提示:将鼠标放在中文语句上可以显示对应的英文。显示中英文
时间:2020-08-14 16:03:46  来源:igfitidea点击:

How to implement auto suggest using Lucene's new AnalyzingInfixSuggester API?

javaautocompletelucenesearch-suggestion

提问by user1586977

I am a greenhand on Lucene, and I want to implement auto suggest, just like google, when I input a character like 'G', it would give me a list, you can try your self.

我是Lucene的新手,我想实现自动建议,就像google一样,当我输入'G'这样的字符时,它会给我一个列表,你可以自己尝试。

I have searched on the whole net. Nobody has done this , and it gives us some new tools in package suggest

我在整个网络上搜索过。没有人这样做过,它为我们提供了一些新的工具包建议

But i need an example to tell me how to do that

但我需要一个例子来告诉我怎么做

Is there anyone can help ?

有没有人可以帮忙?

回答by John Wiseman

I'll give you a pretty complete example that shows you how to use AnalyzingInfixSuggester. In this example we'll pretend that we're Amazon, and we want to autocomplete a product search field. We'll take advantage of features of the Lucene suggestion system to implement the following:

我会给你一个非常完整的例子,向你展示如何使用AnalyzingInfixSuggester. 在这个例子中,我们假设我们是亚马逊,我们想要自动完成一个产品搜索字段。我们将利用 Lucene 建议系统的特性来实现以下内容:

  1. Ranked results: We will suggest the most popular matching products first.
  2. Region-restricted results: We will only suggest products that we sell in the customer's country.
  3. Product photos: We will store product photo URLs in the suggestion index so we can display them in the search results, without having to do an additional database lookup.
  1. 排名结果:我们会首先推荐最受欢迎的匹配产品。
  2. 受区域限制的结果:我们只会推荐我们在客户所在国家/地区销售的产品。
  3. 产品照片:我们将产品照片 URL 存储在建议索引中,以便我们可以在搜索结果中显示它们,而无需进行额外的数据库查找。

First I'll define a simple class to hold information about a product in Product.java:

首先,我将在 Product.java 中定义一个简单的类来保存有关产品的信息:

import java.util.Set;

class Product implements java.io.Serializable
{
    String name;
    String image;
    String[] regions;
    int numberSold;

    public Product(String name, String image, String[] regions,
                   int numberSold) {
        this.name = name;
        this.image = image;
        this.regions = regions;
        this.numberSold = numberSold;
    }
}

To index records in with the AnalyzingInfixSuggester's buildmethod you need to pass it an object that implements the org.apache.lucene.search.suggest.InputIteratorinterface.

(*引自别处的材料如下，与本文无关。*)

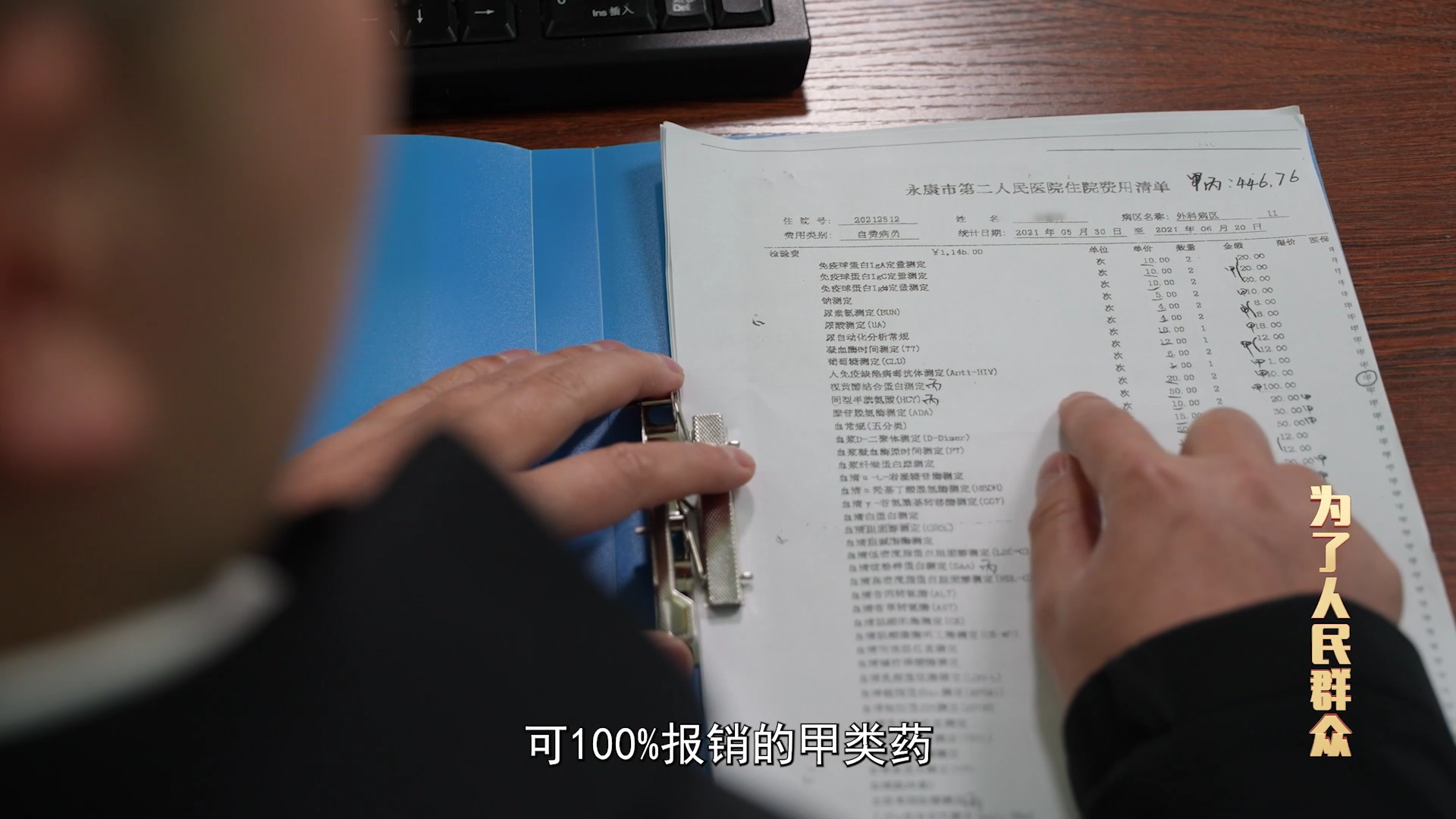 安顺市西秀区纪委监委工作人员 韦小凯:这份就是群众在申请异地医保报销时,周某万虚增报销费用的清单之一。单子上所列的这个药,属于丙类药不在报销范围内,而周某万却将其作为可100%报销的甲类药,录入到医保报销系统。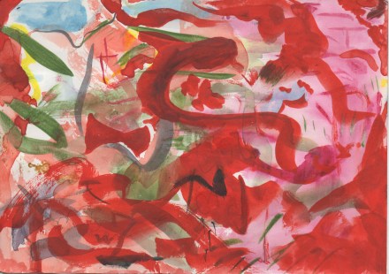 Project started mid-March 2020. I took the sheets used as pallets for my figurative water-colours and decided to paint them, while being limited to using only one colour when painting on top of any one pallet. I deliberately don’t use the word palette. Conjures up French wooden plates with a hole for the thumb. My smallish side-sheets of cardboard are too humble for that. Call it poetic licence.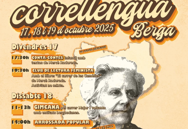 La capital berguedana es convertirà en el cor del Correllengua 2025 amb tres jornades intenses d’activitats del 17 al 19 d’octubre. Sota el lema “Vine a viure la festa de la llengua, la cultura i la reivindicació”, Berga oferirà una programació variada amb propostes per a totes les edats.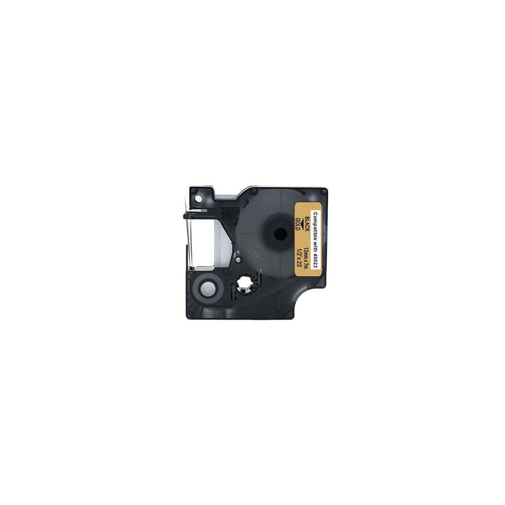 Tape 12mm Black on Gold - Compatible with: DYMO LabelMANAGER 150 kit, 350, 350D, 450, 450D, PC, LabelPOINT 250, 250 kit case, 350, 350 kit case - Self-adhesive polyester tape for quick and easy application - Includes: 1 roll - Dimensions: 12mm x 7m - Labels can be removed without leaving any adhesive residue - Adheres to almost all clean and smooth surfaces including plastic, paper, metal, wood and glass - Easily remove the protective film for quick and easy application - Water resistant - UV resistant - Temperature resistant - Colour: Black on Gold - Made from 67% recycled material - Does not contain PVC
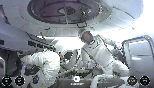 这张美国太空探索技术公司的视频截图显示的是,美国东部时间9月12日,“龙”飞船的机组成员准备出舱活动。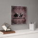 A silhouette image of the Three Wise Men riding camels following the Star of Bethlehem on a faded chocolate burlap background with a white filigree border. Image credits: Pixabay.com image #1299283, image# 488204

An InputIteratorgives access to the key, contexts, payloadand weightfor each record.

要使用AnalyzingInfixSuggesterbuild方法索引记录,您需要向它传递一个实现该org.apache.lucene.search.suggest.InputIterator接口的对象。AnInputIterator可以访问每个记录的keycontextspayloadweight

The keyis the text you actually want to search on and autocomplete against. In our example, it will be the name of the product.

关键是你真正想要搜索并自动完成对文本。在我们的示例中,它将是产品的名称。

The contextsare a set of additional, arbitrary data that you can use to filter records against. In our example, the contexts are the set of ISO codes for the countries we will ship a particular product to.

上下文是一组的,你可以用它来筛选记录对额外的,任意的数据。在我们的示例中,上下文是我们将特定产品运送到的国家/地区的一组 ISO 代码。

The payloadis additional arbitrary data you want to store in the index for the record. In this example, we will actually serialize each Productinstance and store the resulting bytes as the payload. Then when we later do lookups, we can deserialize the payload and access information in the product instance like the image URL.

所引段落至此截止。